If a reporter came up to Joseph though and asked him what the secret is to his success, Joseph would say: God. He could easily take the credit for his successful interpretation of Pharaoh’s dreams in order to appear confident and competent before the King. I mean, when I present something to my boss, I take the credit, even though I fully know that the reason I am successful is because God is in me and He is the one feeding my mind with wisdom. That’s the difference between Joseph and I – on my performance reviews, it says that Yelena did this and that, but to the King, Joseph was “a man in whom is the Spirit of God” (Gen. 41:38). It was the same for Daniel (Dan. 2:28-30; 47) and Moses. These men all did valiant, big things in the name of God.
That promise is given to you too: a woman who excels in her work will stand before kings; she will not stand before unknown men (Proverbs 22:29). When I read this though, two questions come to mind: (1) how do I excel? and (2) kings? really?.
First, the excelling thing. I could write a book about this, but the bottom line is this: do everything to the glory of God (1 Cor. 10:31). Give credit where it’s due (Acts 3:12). Without God, we are nothing.

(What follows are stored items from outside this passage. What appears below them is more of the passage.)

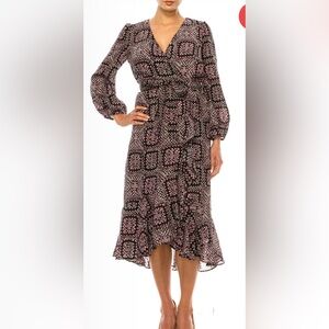 Elegant satchel with croc texture. Features black, brown, and cream panels. Gold chain detail enhances style. Strap no included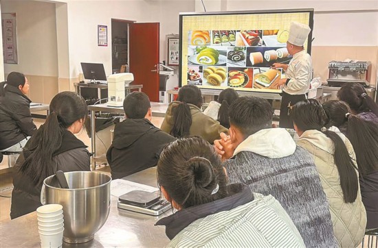 圖為在“西藏阿里地區(qū)鄉(xiāng)村振興旅游從業(yè)人員河北培訓(xùn)班”課堂上,教師正在為阿里地區(qū)職業(yè)技術(shù)學(xué)校學(xué)生進(jìn)行系統(tǒng)性培訓(xùn)。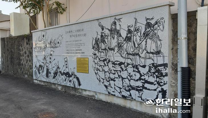 제주시 제이각 남쪽에 설치된 을묘왜변 대첩을 기리는 벽화.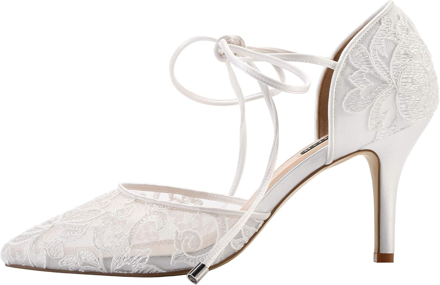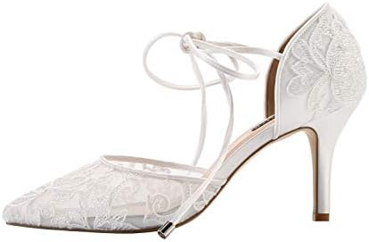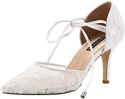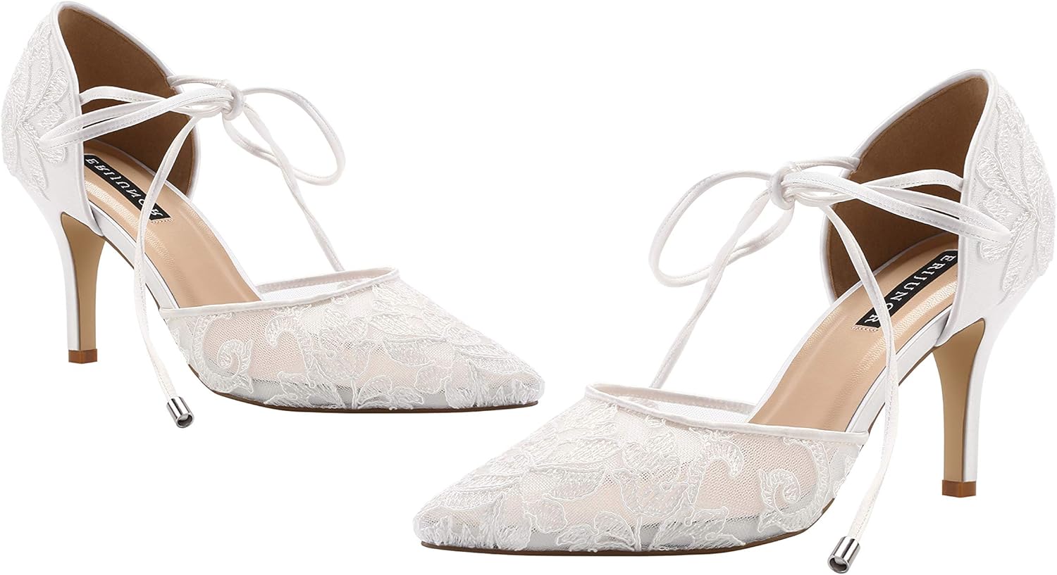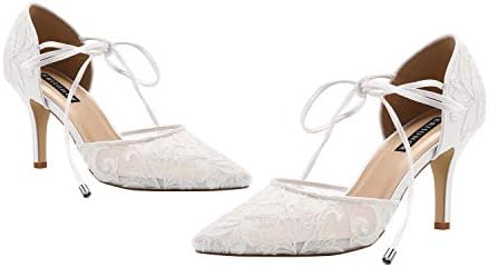 ERIJUNOR Ivory Lace Mesh Satin Bridal Wedding Shoes for Women Comfortable Mid Heel Tie Up Ankle Strap Pointy Toe Pumps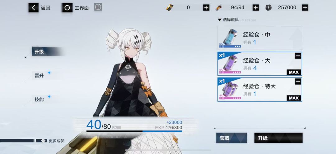 • 等级提升:消耗经验仓提升角色等级。
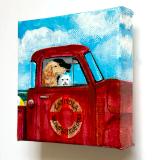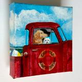 In this Black Lab’s dream he and his best pals are driving on the beach in the surf club’s Chevy truck, for a day of fun in the sun, splashing in the cool water, and maybe rescuing a few tennis balls from the surf.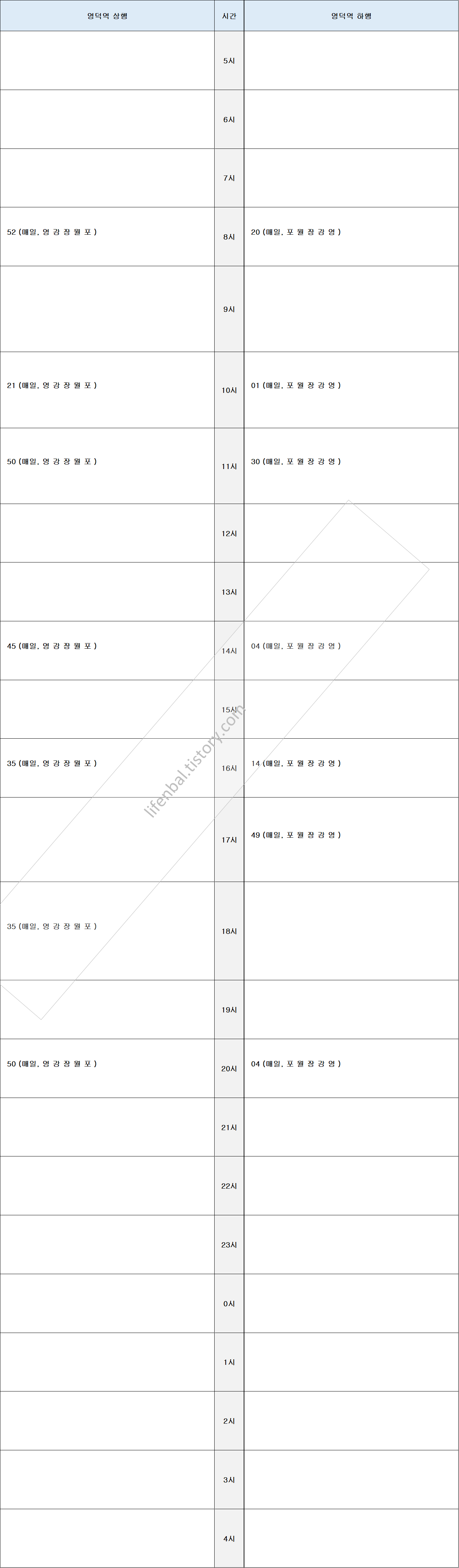 영덕역(동해선) 최신 무궁화 열차 시간표 시간표입니다.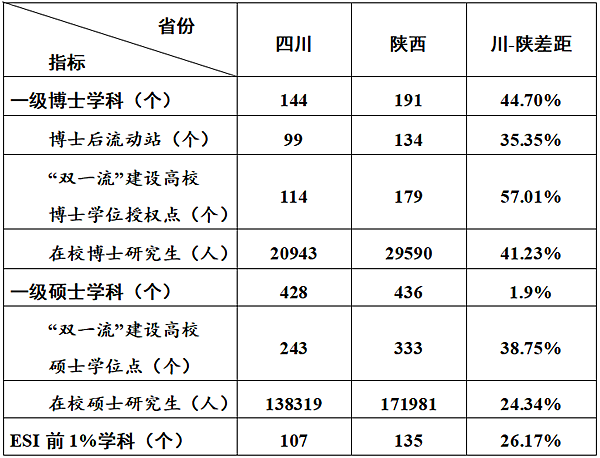 3.高层次人才供给能力不够有力。与陕西省相比,在“双一流”建设高校的学科数量、学科等级、高层次人才培养规模等方面,我省还存在明显差距。四川、陕西“双一流”建设高校均为8所,四川省博士学位授权点161个、硕士学位授权点706个,分别较陕西少26.06%、38.75%;在校博士生人数、在校硕士生人数分别少36.14%、18.03%。四川高校ESI前1%学科107个,陕西135个,少17.81%。相关数据见表2。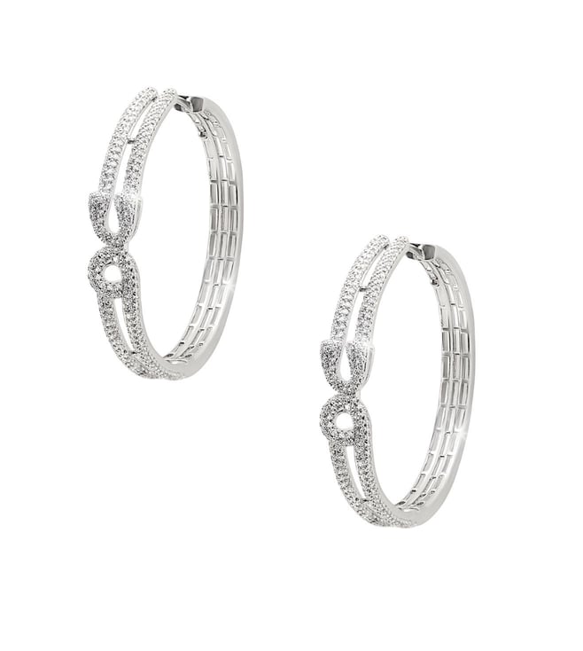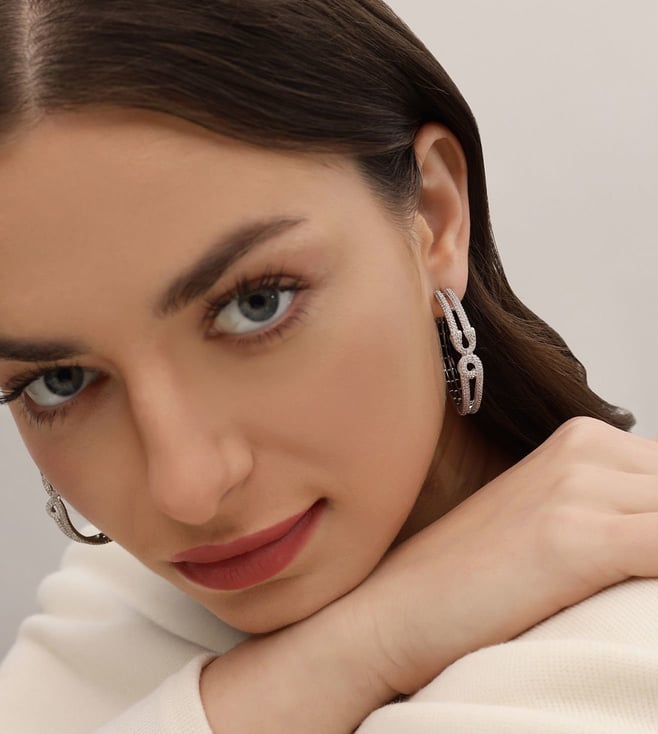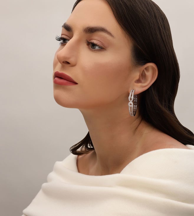 Shaze's Sundowner Secrets Collection presents the Orb Silver Hoop Earrings, inviting you to embrace the extraordinary. These captivating hoops break from tradition, boasting a unique and distinctive aesthetic. A mesmerizing interplay of negative space and intricate detail reveals a captivating pattern peeking through the open front. Stones born from fire, set within these hoops, defy conventional notions of how jewellery complements an outfit. Embrace your individuality and redefine accessorizing with the Orb silver hoop earrings.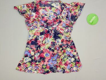 Bluzka damska w kwiaty - Krój: lekko rozkloszowana tunika z krótkim rękawem, okrągły dekolt - Zapięcie: suwak z tyłu na całej długości pleców - Materiał: gładka, średniej grubości tkanina o satyno...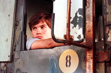 Duncan, who is 15 or 16, has no friends as the story opens, but makes one: Perry (Tom Guiry), a neighbor, who is friendlier to him than the other local boys. One day at the swimming hole Duncan reaches out to feel the muscles in Perry's arm, and Perry recoils as if stung. But the touch sets something into motion between them. We think at first it may be Duncan's discovery that he is gay, but we're getting ahead of the plot, and Duncan may not be gay at all. Perry, the macho tough kid with the swagger, is another story.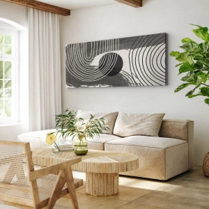 Obraz na płótnie - Geometryczne linie i owale w monochromatycznych odcieniach - 70x50cm - Owal zwycięża - Nowoczesna dekoracja ścienna do salonu i sypialni ARTTOR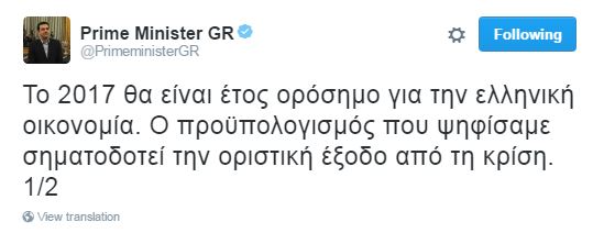 «Το 2017 θα είναι έτος ορόσημο για την ελληνική οικονομία. Ο προϋπολογισμός που ψηφίσαμε σηματοδοτεί την οριστική έξοδο από την κρίση. Μ’ ένα νέο αξιακό και παραγωγικό πρότυπο, διαμορφώνοντας τις προϋποθέσεις για μια ισχυρή και βιώσιμη οικονομία», σημειώνει σε ανάρτηση του στο Twitter ο πρωθυπουργός Αλέξης Τσίπρας.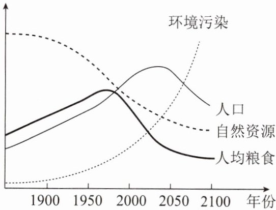 9.B【解析】读图可知,随着时间的变化,人口数量先增加后减少,环境污染不断加重,人均粮食占有量先上升后降低,自然资源数量持续减少。故选B。 10.B【解析】人口激增会带来很多问题,如土地资源利用过度、人均粮食占有量持续下降、自然资源枯竭、环境污染加重、人口大量死亡乃至停止增长等。故选B。

It is because of His great mercy that we are alive today. When our priorities align with God, He blesses the work of our hands (Deut. 28:12; Ps. 90:17). Because when you dedicate something to God, blessings arise.
Second, kings. People notice quality and proficiency. Whether you’re a janitor or a political adviser to the President, when you do good work, it will be noticed – by your peers, superiors and anyone who takes the time to look. Your teachers or bosses may not always comment on it, but trust me, they notice. When it comes time to grades, raises, or promotions, your efforts will be recognized.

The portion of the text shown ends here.